I know that the general trend has been a reduction in the number of murders, at this point in time, and there has been a reduction in the number of serious crimes. I think the police force, in the last year and a half, has made some targeted efforts into directly addressing some of the gang communities, especially in the parishes of Clarendon, St Catherine, Kingston and St Andrew. I think the community policing forces have also been enhanced, where they’ve developed a relationship with the people in the community. That has gone a far way in enhancing an overall reduction in the crime rate. There’s still a lot of need for improvement. It’s still too high, and it’s not necessary – I think it’s something that, once we deal with some of the social issues, like the garrison communities, I think we could see a reduction in the overall crime situation throughout Jamaica. We need to address the issue of young people, because major crimes are committed by young males under 30, and if we can find avenues to find gainful employment, to seek some sort of avenue in terms of their interest, and their motivation, I think we will be way ahead of the game. One of the reasons why I think we would want to continue as an administration, is to continue some of the programmes that we have started and that have been shown to be effective, to have some continuity. Now is not the time to break the trend.

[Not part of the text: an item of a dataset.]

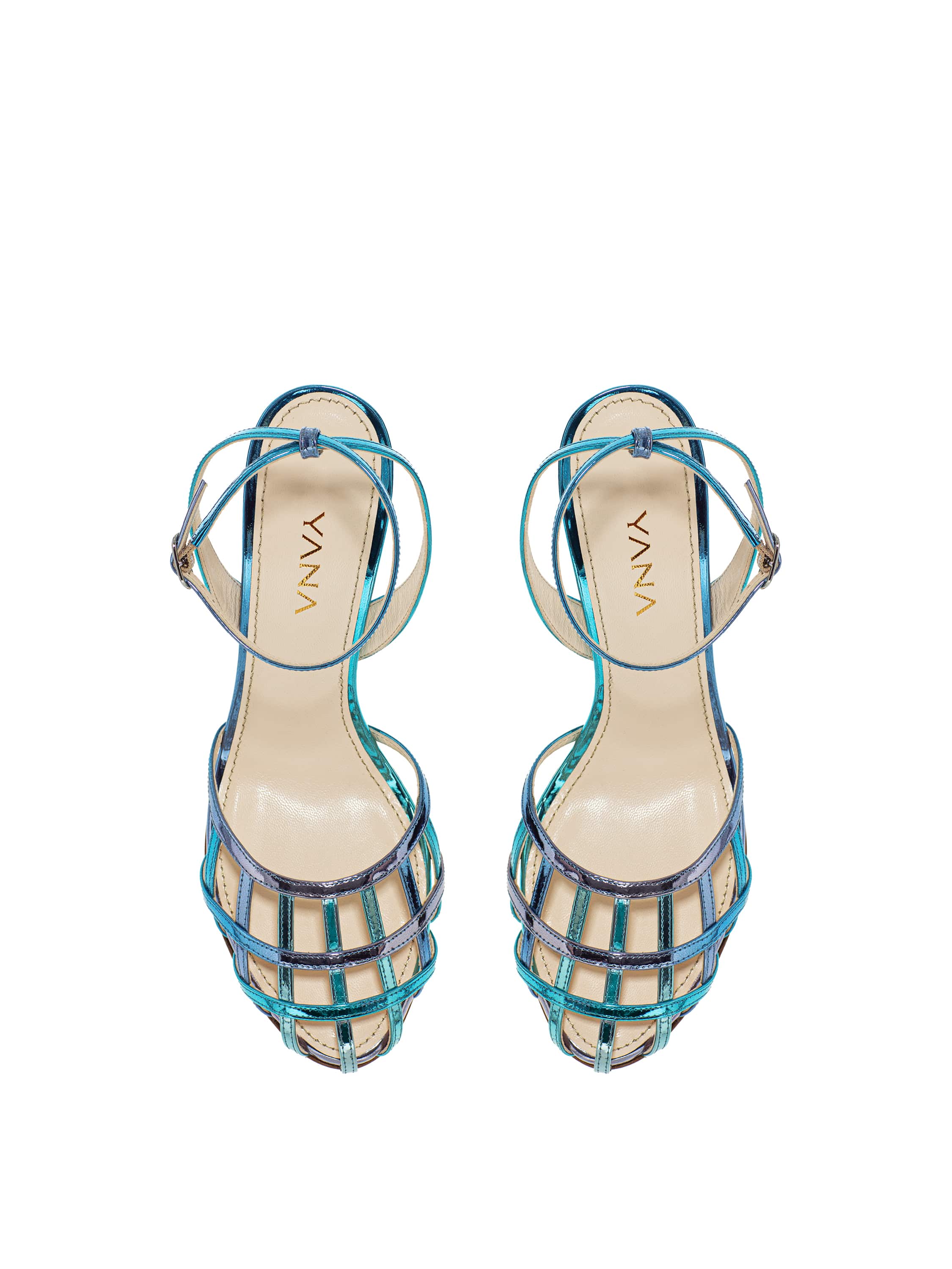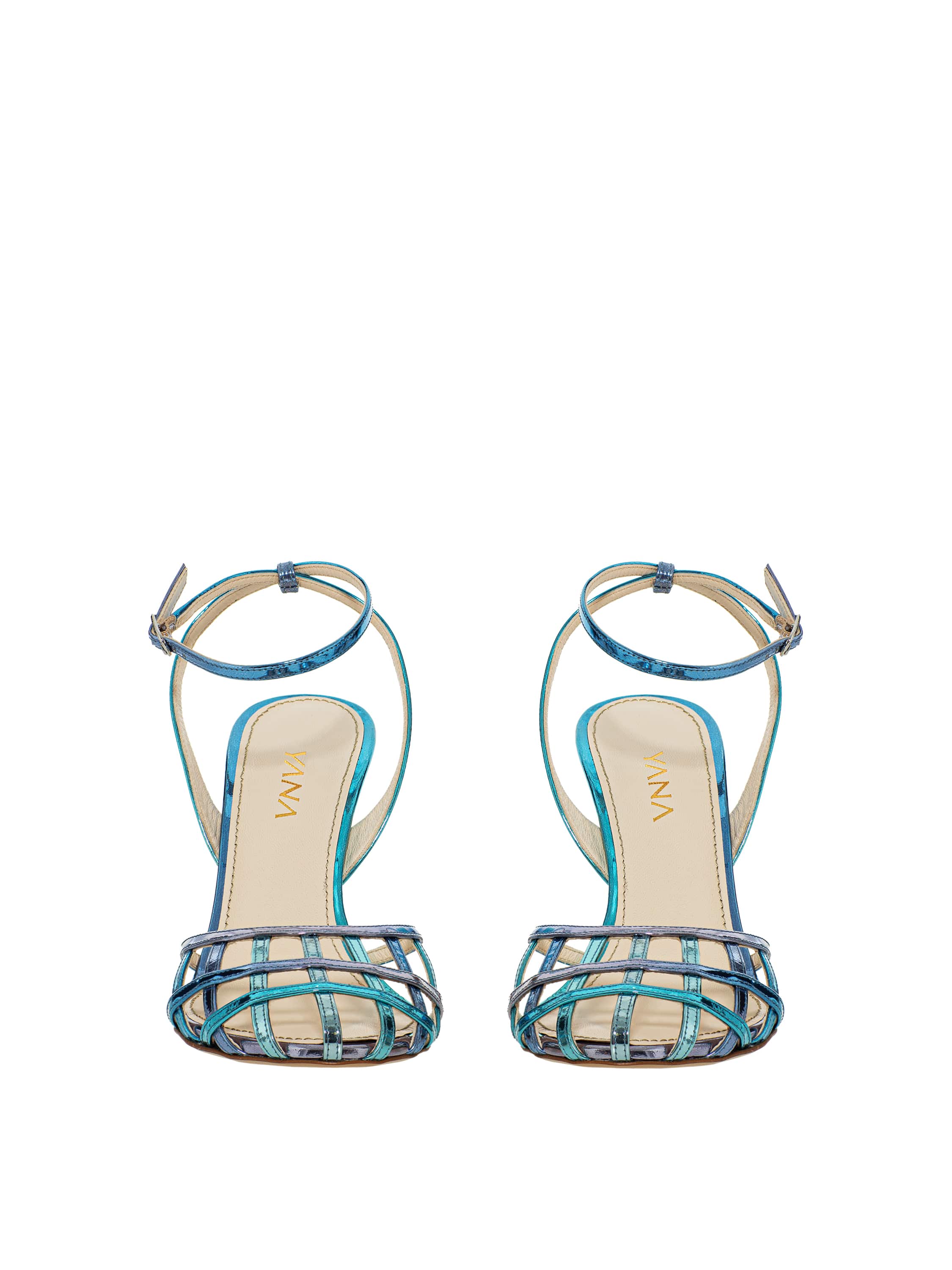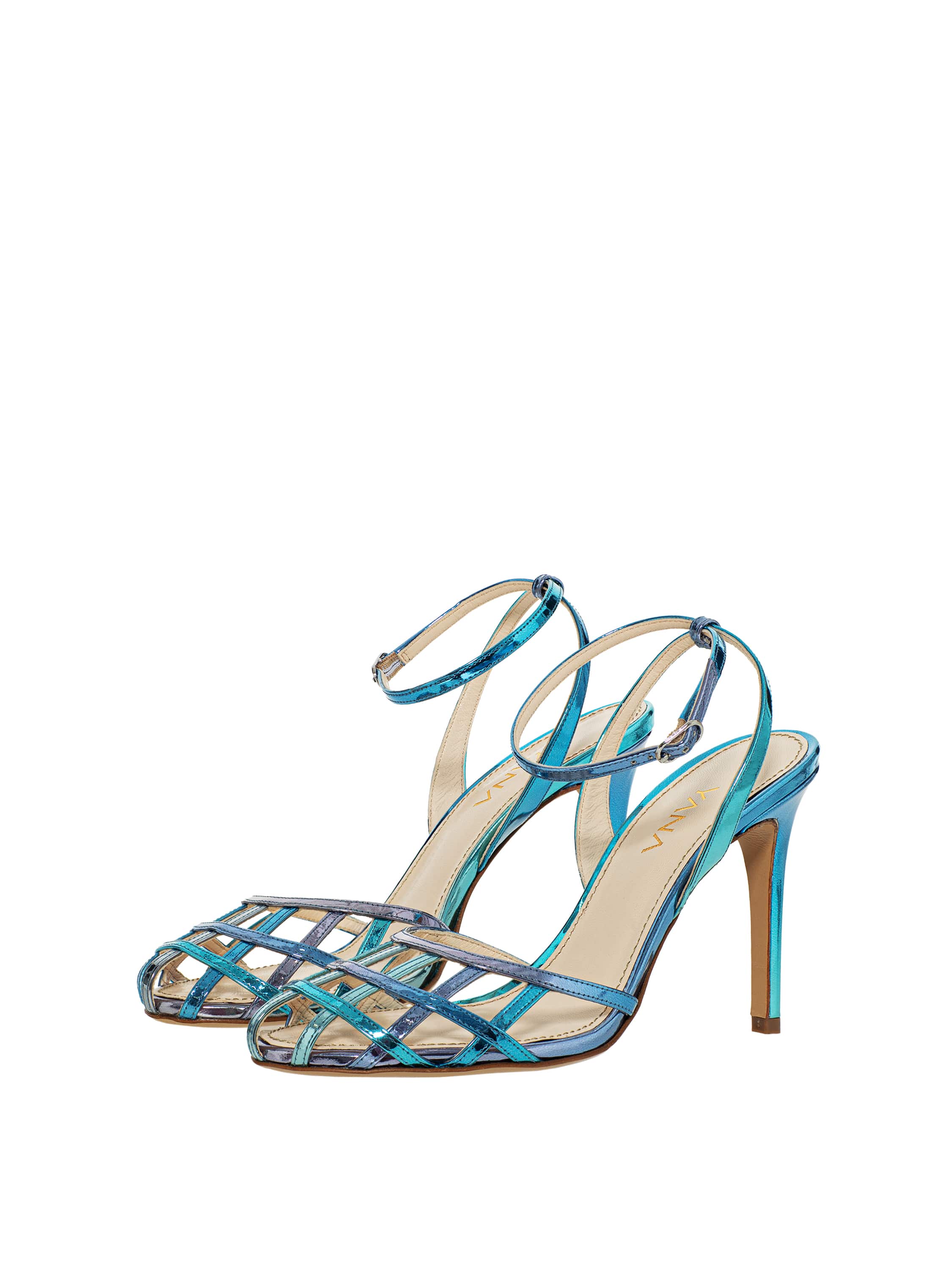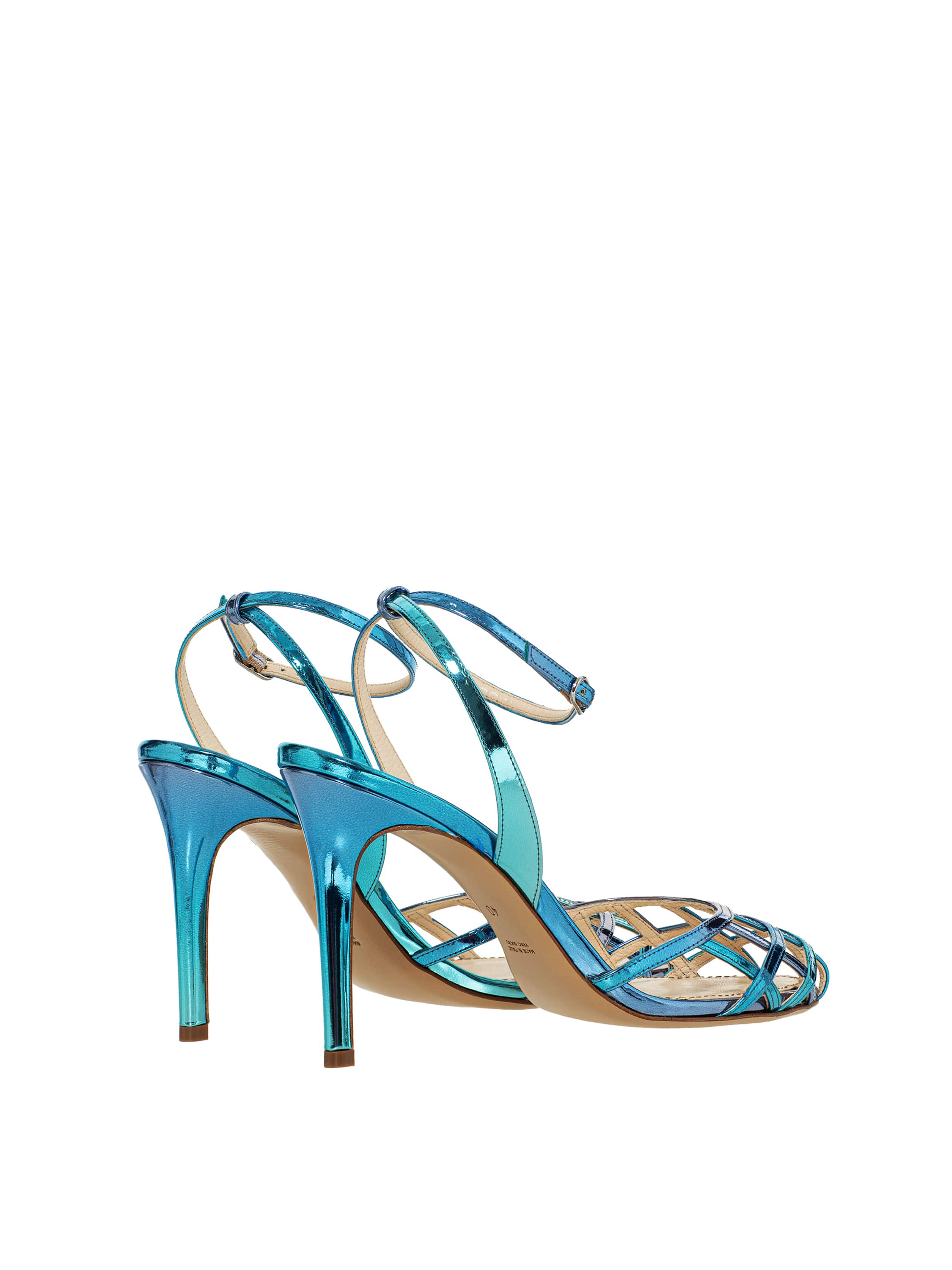 Light blue woven sandals with a thin stiletto heel, made of genuine leather and satin. There is a thin strap with a buckle around the ankle, which secures the shoe firmly on the foot. Heel height: 9 cm. Round toe.

We’ve been speaking to candidates about Jamaica’s progress on Caribbean integration. What do you think about that, and what can be done to move forward?
Well, CARICOM has been established for a number of years now. I think we have a lot of dreams, in terms of where we want to see the Caribbean go forward. Inspired by the success of the University of the West Indies, and how collaborative and successful a venture that was, in terms of bringing the Caribbean together – and it is still a very strong, vibrant institution that continues to grow, I would hope that we would reach that in terms of our economic policy development, or our regional growth as a group together. I think that in our world environment, we all recognize that we have to be unified – our small little island states are going to be lost, especially with the bigger economies that are on lock now.
I think that in our world environment, we all recognize that we have to be unified – our small little island states are going to be lost.”
We also recognize what happened in Europe in terms of the Euro, because of the lack of cohesion and transparency. We are now seeing an unevenness in terms of the economic stability of the individual countries. I think we also need to learn our lessons from that, in terms of ensuring that where we’re going, there is an equal undertaking and footing in terms of how we bear the weight, proportional to what our requirements and our needs and desires are. At the same time, as a Caribbean community that we all identify with internally, we need to ensure that we are recognized as such, and recognized as a unified group.